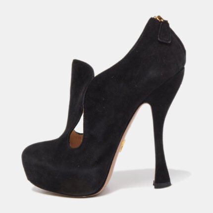 Prada Black Suede Zip detail Cut Out Platform Booties Size 36.5
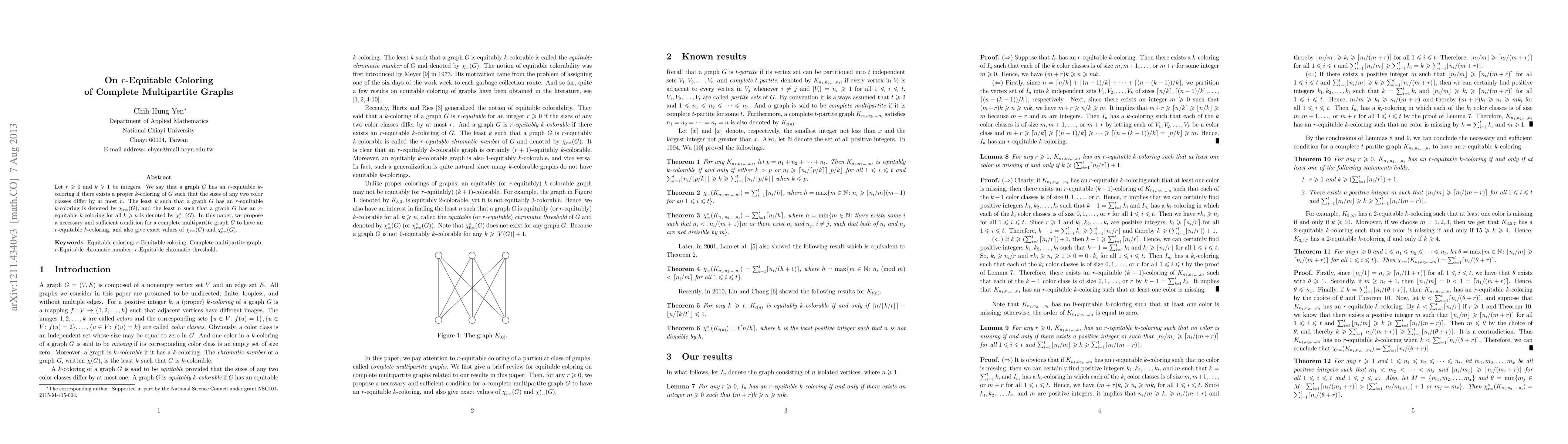 This paper investigates $r$-equitable coloring of complete multipartite graphs, providing a necessary and sufficient condition for such colorings, and determining exact values for $\chi_{r=} (G)$ and $\chi^*_{r=} (G)$.
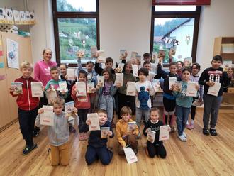Zum Welttag des Buches bekam die Kinder der RvGS wieder ein Buch. Die Stiftung Lesen verschenkte auch in diesem Jahr über die örtlichen Buchhandlungen einen Comicroman. In diesem Jahr hat es den Titel Titel "Volle Fahrt ins Abendteuer". Da die Kinder der RvGS nicht einfach mal so nach Beerfelden zum Papillon laufen können, hat sich Frau Lenz auch in diesem Jahr etwas Tolles einfallen lassen. Es erreichte uns eine Box mit Büchern und einer Ralley. Frau Schröder überreichte allen Kindern eine kleine Tüte. Darin fanden wir nicht nur das Buch, sondern auch ein Lesezeichen, einen Stift und eine kleine Schokolade. Die Freude war natürlich riesig. Klasse 3/4 nahm sich dann noch der dazugehörigen Ralley an. Voller Eifer wurde gerätselt und gesucht und eingetragen und geschrieben. Immerhin gibt es etwas zu gewinnen. Eine Schülerin brachte dann die Teilnahmebögen, gemeinsam mit einer bunten Dankekarte ins Papillon. Auf diesem Weg möchten wir Frau Lenz und dem Papillonteam herzlich danken. Wir haben uns alle sehr gefreut.
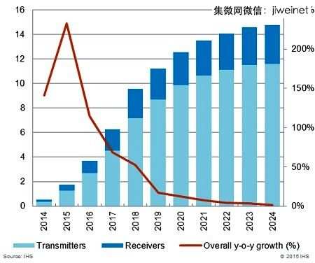 IHS對全球無線電源接收器與發(fā)射器市場出貨量的預測
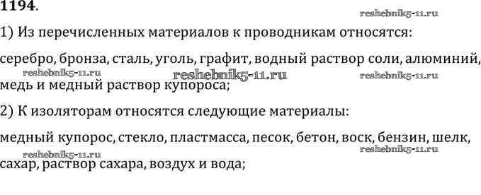 Готовая домашняя работа с ответами по Физике за 7, 8, 9 класс Лукашик, Иванова Сборник задач Просвещение 2011 ФГОС - Задания 1194
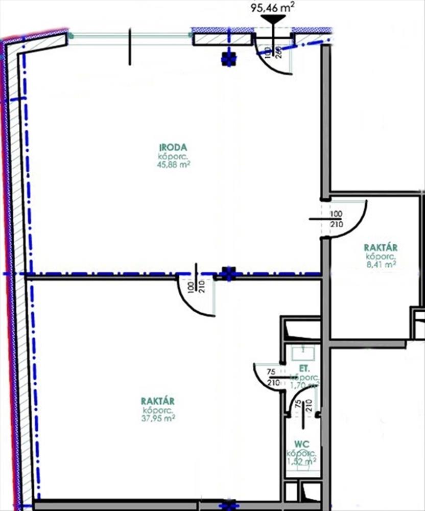A modern iroda 95, 46 nm-es, 3 helyiségből és szociális blokkból áll.
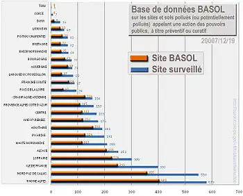 Le nombre des sols répertoriés comme pollués ou pour avoir pu l'être, (ici en France pour la base de données BASOL, telle que mise à jour en ), ou le nombre de sites surveillés reflète le passé industriel des régions. Les pollutions d'origines militaires, agricoles, cynégétiques (plomb) ne sont pas encore prises en compte dans ce type d'inventaire.
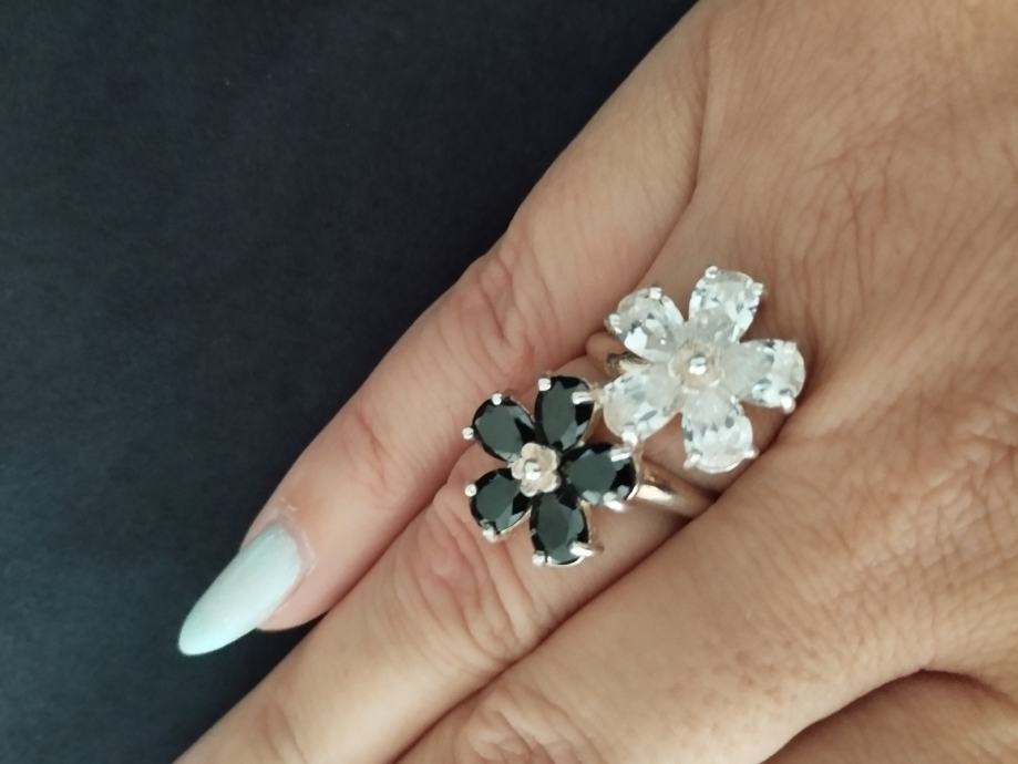 Prstan je iz srebra, z žigom. Swarovski beli in črni "kamni", brezhibno ohranjen, krasno se sveti.
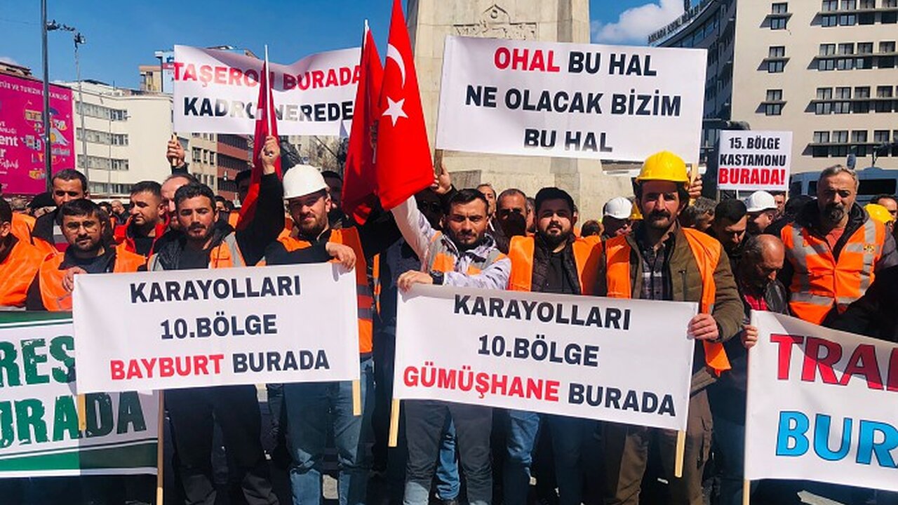 Aralarında Gümüşhane’deki Karayolları Şube Şefliğinde görev yapan 18 çalışanın da yer aldığı grup Ankara Ulus’ta buluşarak “Taşeron burada kadro nerede”, “Karayolları asıl işi yapan taşeron işçilerine hakkı olan kadro verilsin’, “Ohal bu hal ne olacak bizim bu hal” yazılı dövizlerle taleplerini dile getirdi.
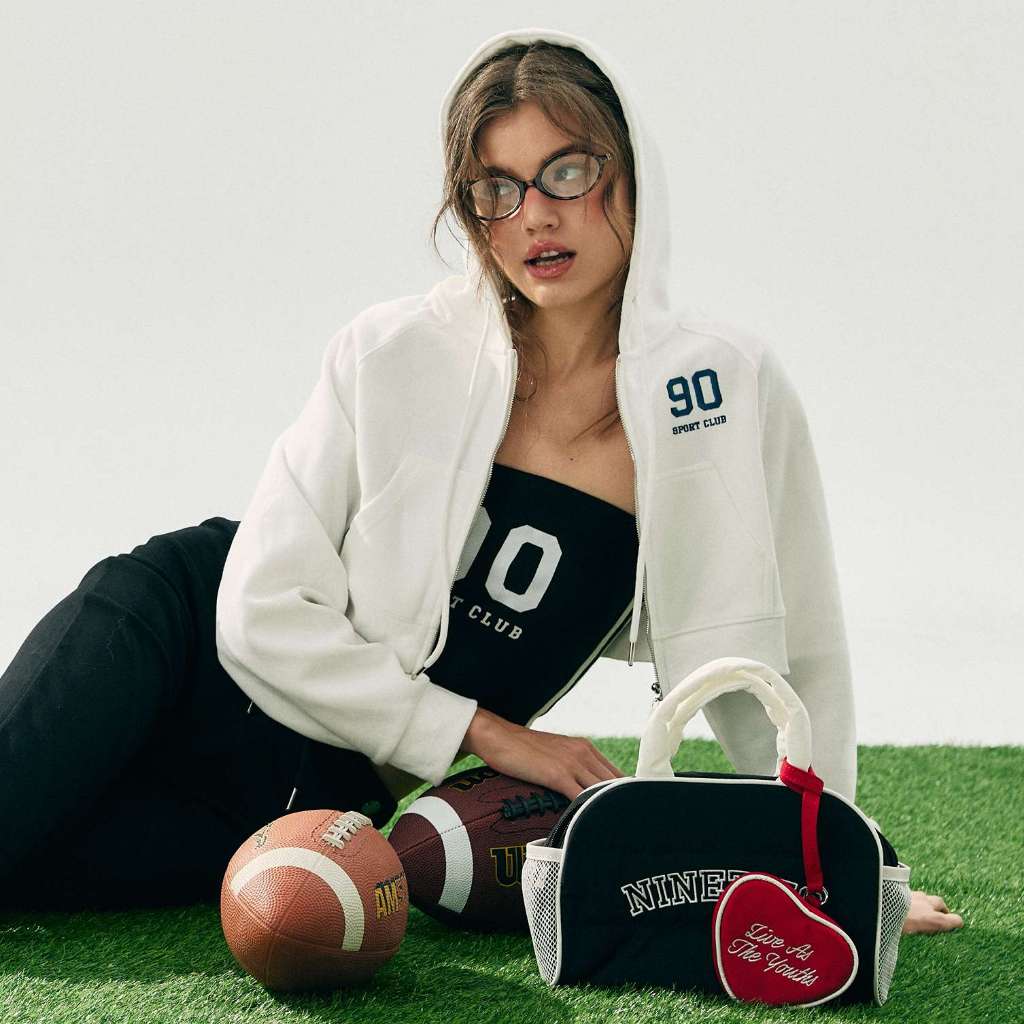 Nineties Design : Sport Club เสื้อสเวตเตอร์ครอป มีฮู้ด รุ่น Fighting
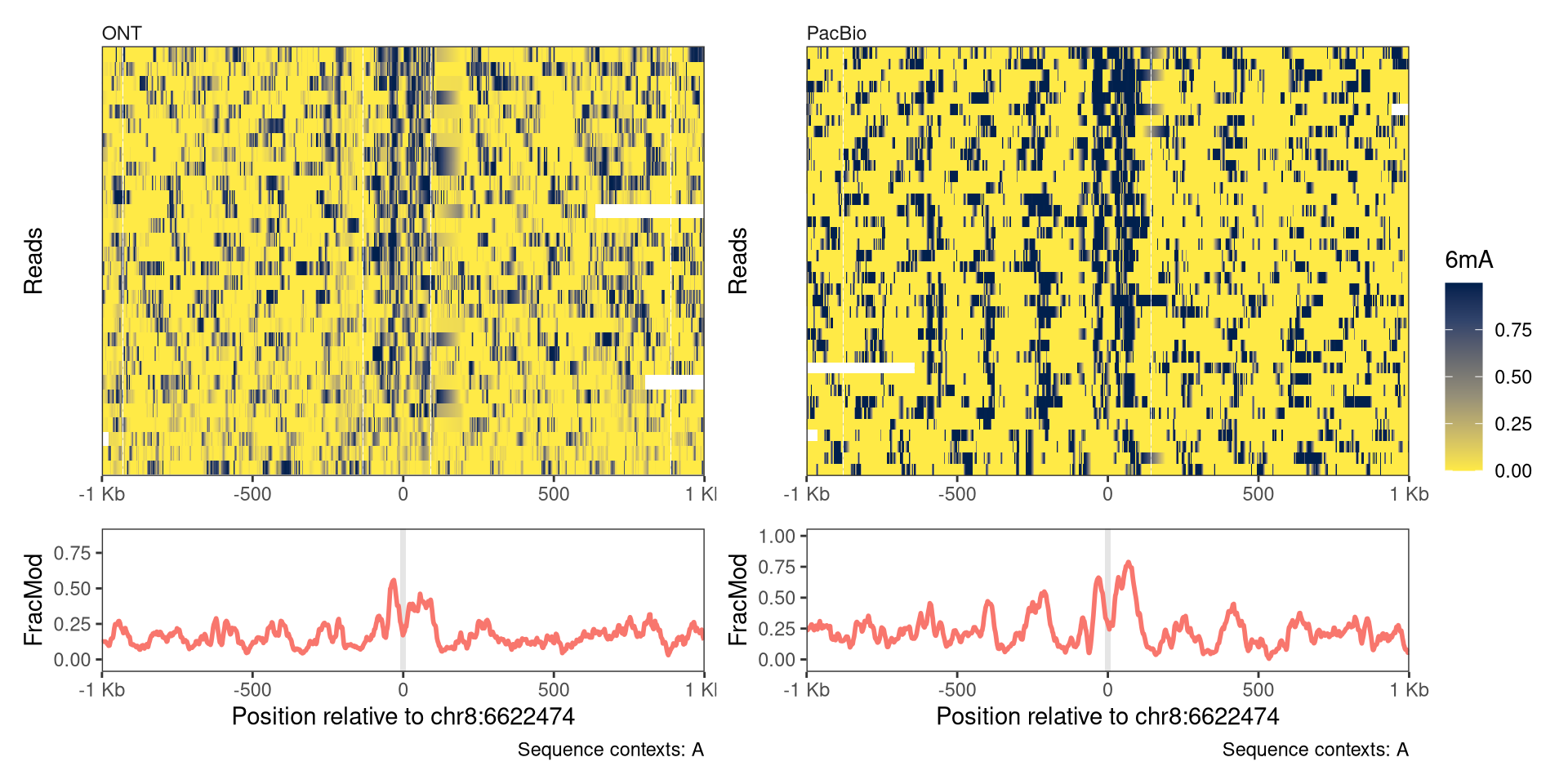 Most of the data that is used for illustration in this book has been generated on an Oxford Nanopore (ONT) sequencer, but modBam files are standardized and SingleMoleculeGenomicsIO and footprintR are agnostic to the sequencing technology used to generate them. In this example, we will visualize a single locus around a bound CTCF site for ONT- and a PacBio-generated datasets:
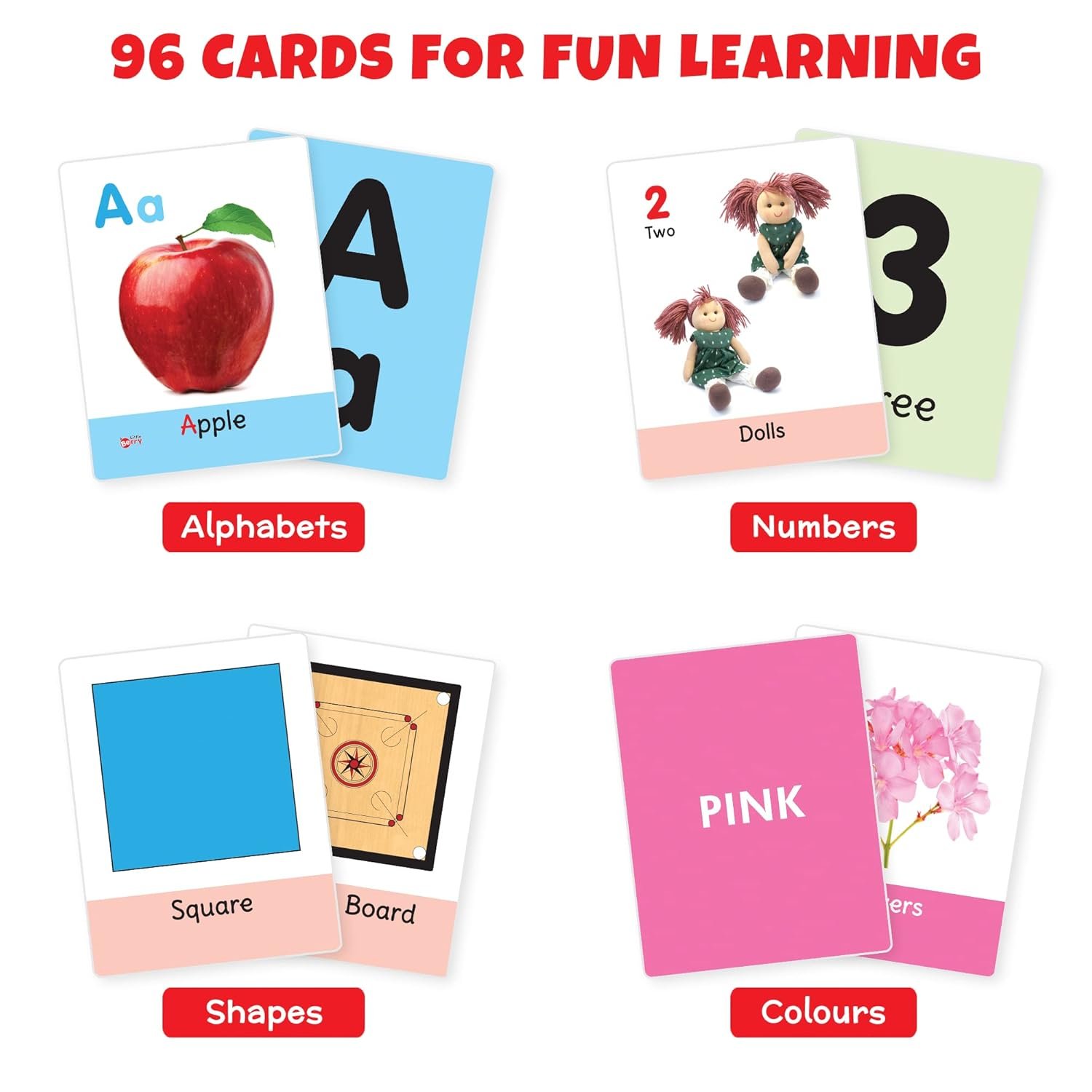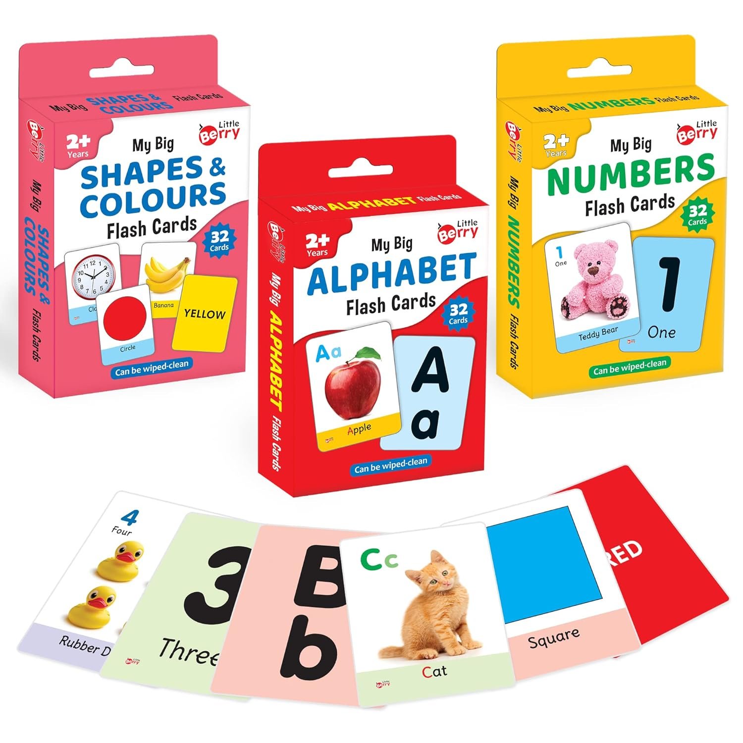 Big Flash Cards for Kids: Alphabets, Numbers, Shapes & Colours (Set of 3) | 96 Double-Sided Picture Cards | Early Learning and Development Toy for Preschoolers & Toddlers 2-6 Years
-------------------------
For this answer, return word for word the lines from the first line of the records through the line containing "This paper investigates". Omit the pictures.

» **WRITTEN ANSWER**:
 Prada Black Suede Zip detail Cut Out Platform Booties Size 36.5
 This paper investigates $r$-equitable coloring of complete multipartite graphs, providing a necessary and sufficient condition for such colorings, and determining exact values for $\chi_{r=} (G)$ and $\chi^*_{r=} (G)$.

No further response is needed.